I come from a baseball family. My dad was a Major League Baseball executive for forty years. I spent five years in the sports information department at the University of Notre Dame and parts of three seasons with the media relations departments of the Pittsburgh Pirates and Houston Astros, dedicating each working day to convincing journalists that they should write even more words about sports than they do. And I loved my job. I loved going to the ballpark every day. I loved sitting in the press box. I loved being part of a team, and not in the artificial, corporate Tiger Team sense. I loved that at the end of every day (or lots of days anyway) we won or we lost. I loved the highs and the lows.

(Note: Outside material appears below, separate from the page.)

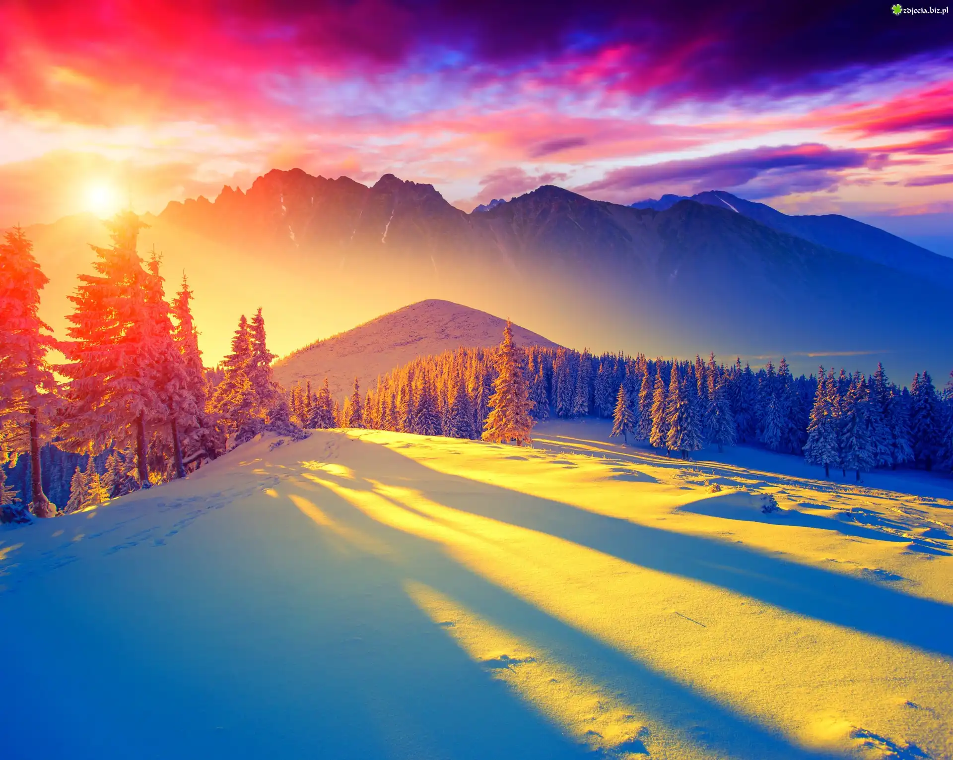 Zdjęcie Zima, Śnieg, Góry, Promienie, Blask, Zachód słońca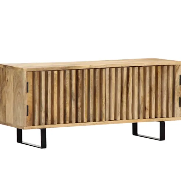 HiFi-bänken är tillverkad i massivt mangoträ, ett lövträ med täta ådringar. Grovt mangoträ har inte bara styrkan att bära vikten, det står även emot tidens tand. Därför är denna vackert designade bänk väldigt stabil, hållbar och iögonfallande. Denna stereobänk är dessutom helt handgjord, det skickliga hantverket och de estetiskt tilltalande träådringarna gör varje möbel distinkt och något annorlunda än de andra. Skänken har 1 skåp med 2 luckor, och därför gott om plats för att förvara dina mediaenheter, böcker och andra saker.

But as much as I love sports, I don't listen much to sports radio or watch the highlight shows and I generally don't write much about sports myself because the beauty of athletic competition is that it doesn't need any context. Every game is a perfect little live drama that sets the stage for the next game all by itself. Last night tiny Davidson College with all of 1,700 students, was down by two and had the ball with 15 seconds left, time for one shot to send the number-one seeded Kansas Jayhawks home from the NCAA tournament. One shot that could put the Davidson Wildcats--Davidson!--into the Final Four with Memphis, North Carolina, and UCLA.

William Faulkner couldn't improve upon that drama with words, but this morning there will be literally millions of them spent describing the Jayhawks' escape, in newspapers and SportsCenters and on talk radio. Maybe more words than were written and spoken about V-E Day on May 8, 1945.

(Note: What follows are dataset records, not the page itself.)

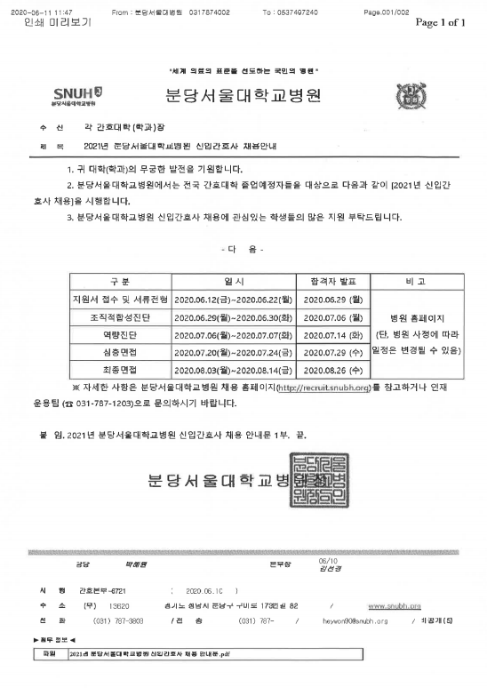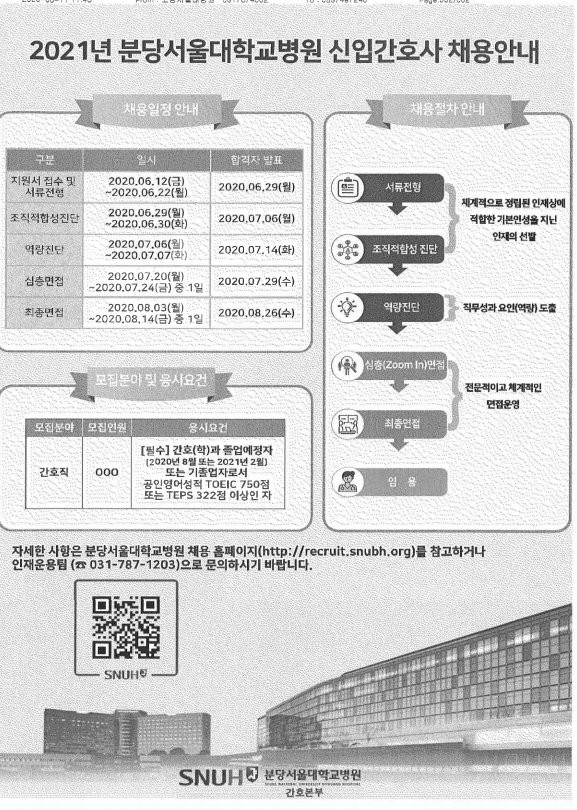 2021 분당서울대학교병원 신입간호사 채용 공고 페이지 정보 작성자 간호학과 댓글 0건 조회 2,357회 작성일 20-06-11 13:41 목록 본문 이전글2021 메리놀병원 신규간호사 채용 공고 20.06.11 다음글2021 연세대학교 의료원 신규간호사 채용 안내 20.06.08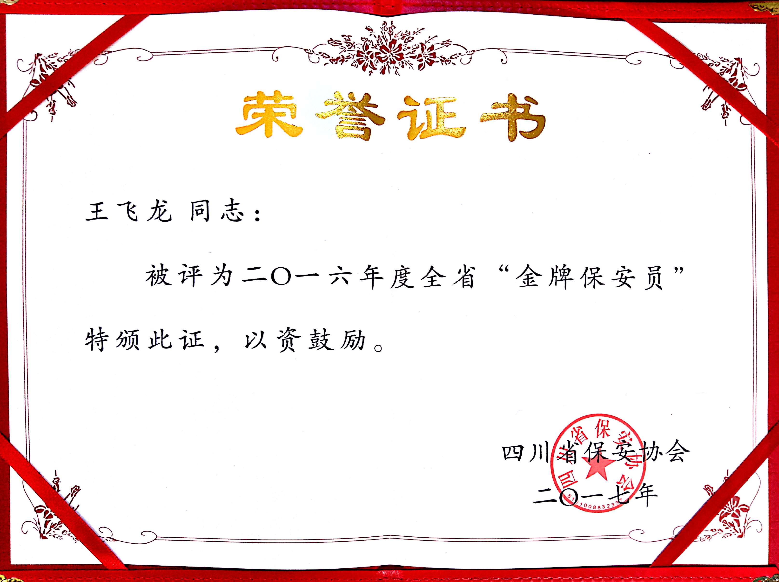 在本次评选中,公司保安队员王飞龙、赵麒皓同志也因其在行业中特别突出的表现,分别获得了“金牌保安员”、“先进保安员”光荣称号。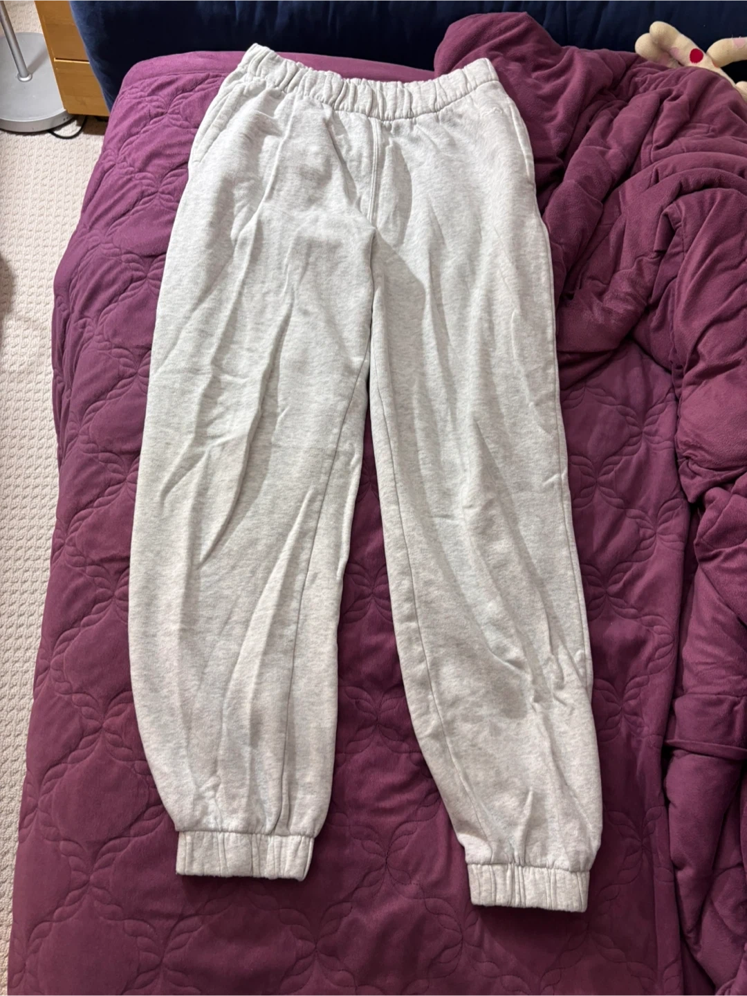 Selling a pair of light grey jogger pants. They look like a comfy fit for lounging around the house or running errands. They appear to be in good condition and ready for a new home!

Today is the opening day of baseball season. More words are probably written about baseball than all other American sports combined. And possibly the most discussed baseball event took place sixty-one years ago, when Jackie Robinson broke baseball's color barrier.

Of all the events in sports history, though, that might be one about which not enough has been said.

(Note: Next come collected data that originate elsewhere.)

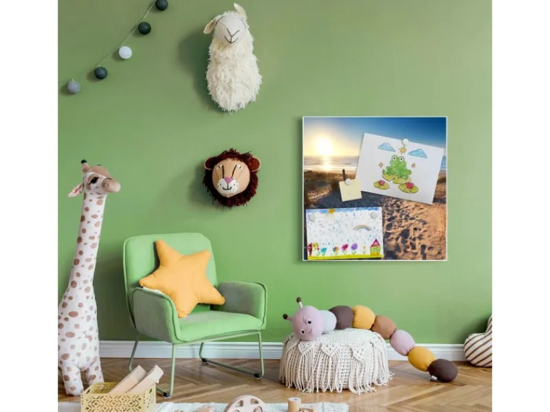 Sie können die Magnet Tafel auch dekorativ als Wandbild nutzen, es halten alle handelsüblichen Magnete daran. Das Komplettpaket aus magnetischer Notiztafel, Montageset & 4 Magneten ermöglicht einen sofortigen Einsatz.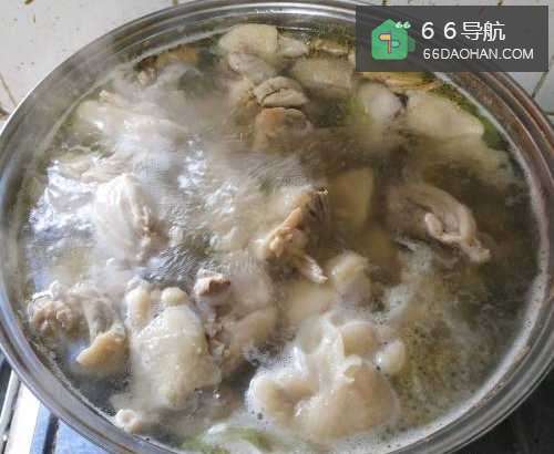 2水烧开后加入鸡块,煮沸至鸡块变色,没有血水。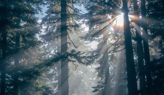 Atme ein und nimm den frischen Duft des Waldes auf.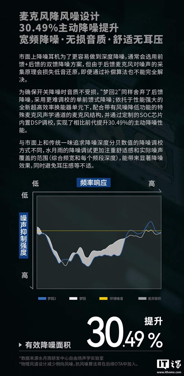 这款耳机配备 13mm 全频双悬挂环形平面磁单元,内置水月雨定制 TWS-01 芯片,提供单前馈式降噪设计,号称实现了相比前代提升 30.49% 的主动降噪性能。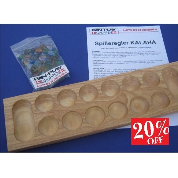 Et flot KALAHA brætspil mål 450x140x20 mm lakeret træ incl. glas brikker. Incl. spilleregler på dansk. Kalaha er et hyggeligt familiespil, som også rummer lidt taktik, så det er en god introduktion til dette for børn. Samtidig er spillet hurtigt at lære og nemt at spille og overskue for børnene. Kalaha er et brætspil for 2 spillere, som spilles på en spilleplade med i alt 14 spillefelter (fordybninger). Hver spiller råder over 6 mindre fordybninger (kaldet ambos) samt en større fordybning (målfeltet - kaldet kalahaen).Det gælder om, at få sine kugler placeret så taktisk godt, at man kan få flest mulig hjem i sit eget målområde.Vinder er den, der har flest kugler i mål til sidst. Spillereglerne er uhyre simple, så man er hurtigt i gang med det sjove: Nemlig at spille.Spillets oprindelseKalaha som vi kender det i dag er ikke frygtelig gammelt. Det kom frem tilbage i 1940'erne. Men det bygger på det oldgamle Mancala-spil, der har tusindvis af år på bagen. (ØNSKER DU AT PRINTE SIDEN? SÅ GÅ NEDERST PÅ SIDEN OG TRYK PÅ PRINTER) Dette produkt leveres fragtfrit! men ved ordre under kr 800,- kan der blive pålagt kr 80,- i ekspeditionsgebyr ved "kassen".Ran-Play varenr: 6400360CE 74 * 796159

The day Jackie Robinson took the field for the Brooklyn Dodgers it was for millions of Americans, millions of white, ethnic Americans, millions of Italian and Irish and German Americans--my Bay Ridge grandparents among them--the first time that they needed a black man. The first time they shared a common purpose with a black man. The first time they cheered a black man.

When Dodgers President and GM Branch Rickey signed Jackie Robinson, he was asking him to shoulder more burden than any man should have to accept. Rickey asked him to absorb both the high expectations and skepticism of Dodgers fans as well as the outright hostility of everyone else. But Jackie Robinson is not a hero because of what he was asked to do. Jackie Robinson is a hero because of what he did next. He delivered. Under the most difficult circumstances, Jackie Robinson helped lead the Dodgers to a World Series, and handled the insults and epithets and even death threats with public grace.

Last year Chicago writer Jonathan Eig wrote one of the finest accounts of that season in his bestselling book Opening Day, which is out in paperback tomorrow.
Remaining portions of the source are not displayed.